- _THE TASK_
Span requested from the data below: the line with "Zimowa kołdra Termo" through the line with "Eğitim sonunda çocuklara", both included. Give only these lines again, exactly, and leave every picture out.

- _EXTRACTED ENTRIES_
Start of Block
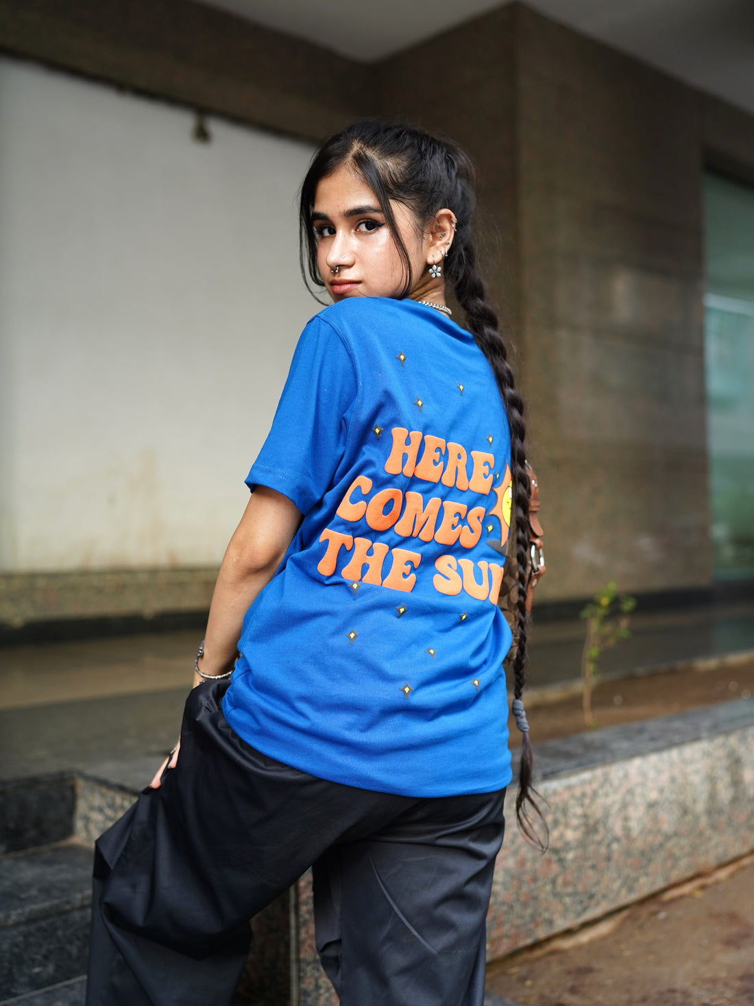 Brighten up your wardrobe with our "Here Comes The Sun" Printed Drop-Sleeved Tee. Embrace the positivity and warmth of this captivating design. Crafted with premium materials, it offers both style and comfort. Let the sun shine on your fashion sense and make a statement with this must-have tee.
End of Block
Start of Block
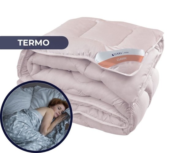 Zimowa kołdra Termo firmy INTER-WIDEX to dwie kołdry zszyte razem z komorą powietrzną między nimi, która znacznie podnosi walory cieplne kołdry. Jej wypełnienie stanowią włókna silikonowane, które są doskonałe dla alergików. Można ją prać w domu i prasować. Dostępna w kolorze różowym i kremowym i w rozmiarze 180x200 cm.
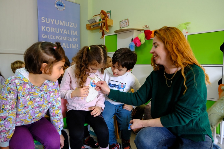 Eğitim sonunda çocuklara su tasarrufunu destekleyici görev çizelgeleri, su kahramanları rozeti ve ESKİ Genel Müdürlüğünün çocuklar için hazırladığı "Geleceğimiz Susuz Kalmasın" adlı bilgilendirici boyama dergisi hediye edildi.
End of Block
Start of Block
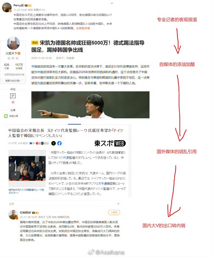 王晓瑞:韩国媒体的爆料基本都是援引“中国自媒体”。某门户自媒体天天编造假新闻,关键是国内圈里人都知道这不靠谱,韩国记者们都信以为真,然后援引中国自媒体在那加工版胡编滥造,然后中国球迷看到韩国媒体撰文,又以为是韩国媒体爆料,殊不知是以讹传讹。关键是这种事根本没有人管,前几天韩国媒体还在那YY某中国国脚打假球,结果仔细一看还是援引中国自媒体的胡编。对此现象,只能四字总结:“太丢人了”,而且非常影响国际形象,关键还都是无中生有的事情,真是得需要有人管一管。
End of Block
- _REPLY_
 Zimowa kołdra Termo firmy INTER-WIDEX to dwie kołdry zszyte razem z komorą powietrzną między nimi, która znacznie podnosi walory cieplne kołdry. Jej wypełnienie stanowią włókna silikonowane, które są doskonałe dla alergików. Można ją prać w domu i prasować. Dostępna w kolorze różowym i kremowym i w rozmiarze 180x200 cm.
 Eğitim sonunda çocuklara su tasarrufunu destekleyici görev çizelgeleri, su kahramanları rozeti ve ESKİ Genel Müdürlüğünün çocuklar için hazırladığı "Geleceğimiz Susuz Kalmasın" adlı bilgilendirici boyama dergisi hediye edildi.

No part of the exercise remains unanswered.